### DATA SHOWN
- Opening Delimiter -
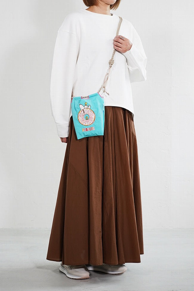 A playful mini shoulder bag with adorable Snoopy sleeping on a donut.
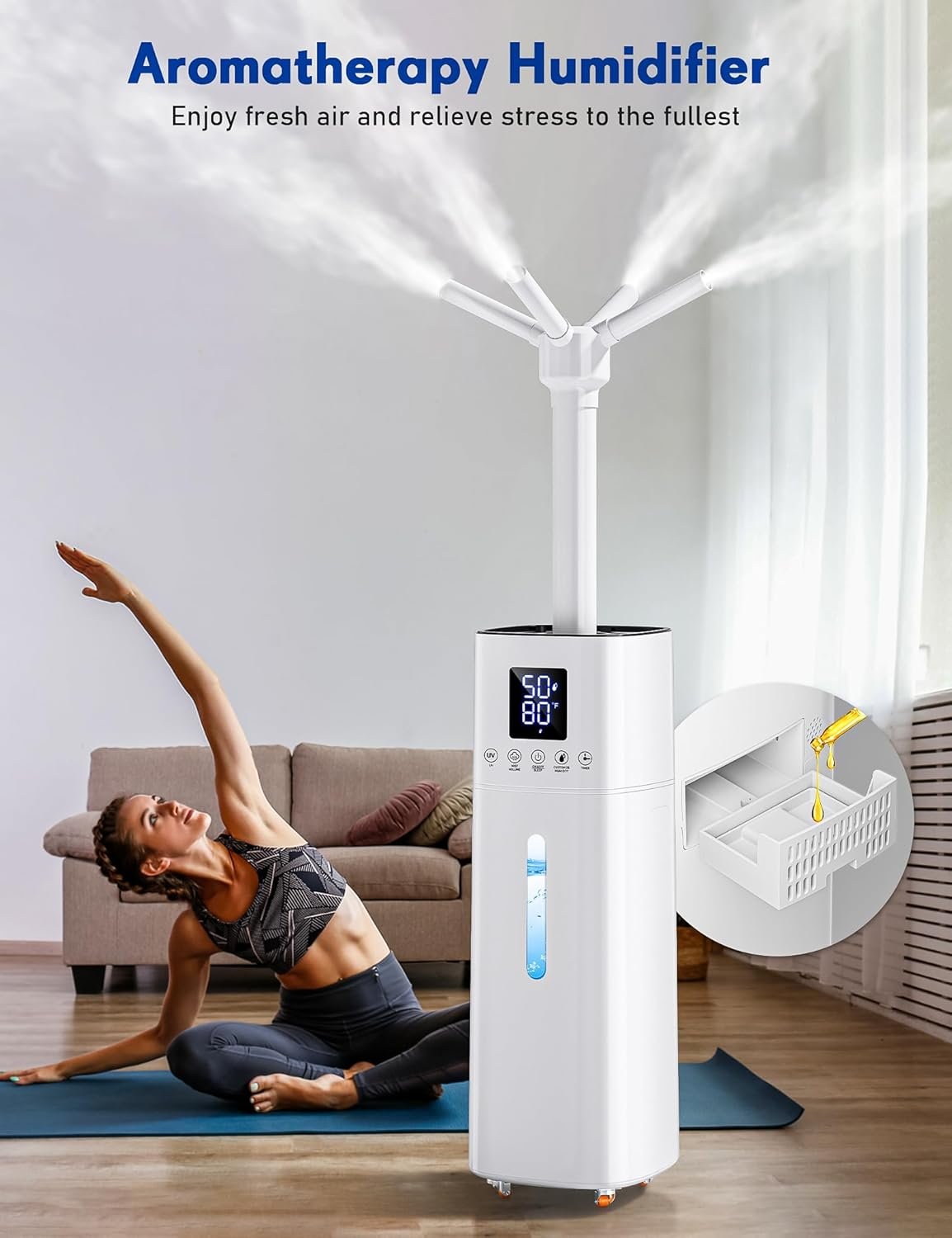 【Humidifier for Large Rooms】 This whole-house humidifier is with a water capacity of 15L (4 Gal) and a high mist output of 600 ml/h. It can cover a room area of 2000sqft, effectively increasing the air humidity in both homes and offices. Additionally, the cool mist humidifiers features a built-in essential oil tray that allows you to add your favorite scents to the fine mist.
- Closing Delimiter -
- Opening Delimiter -
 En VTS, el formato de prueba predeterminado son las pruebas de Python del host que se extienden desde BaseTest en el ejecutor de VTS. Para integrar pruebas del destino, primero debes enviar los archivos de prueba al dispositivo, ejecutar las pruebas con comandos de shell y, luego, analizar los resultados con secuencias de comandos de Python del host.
- Closing Delimiter -
Transcribe exactly the lines above, beginning at the one with "A playful mini" and going up to and including the one with "the fine mist.". Pictures do not belong in the copy.

### WRITTEN REPLY
 A playful mini shoulder bag with adorable Snoopy sleeping on a donut.
 【Humidifier for Large Rooms】 This whole-house humidifier is with a water capacity of 15L (4 Gal) and a high mist output of 600 ml/h. It can cover a room area of 2000sqft, effectively increasing the air humidity in both homes and offices. Additionally, the cool mist humidifiers features a built-in essential oil tray that allows you to add your favorite scents to the fine mist.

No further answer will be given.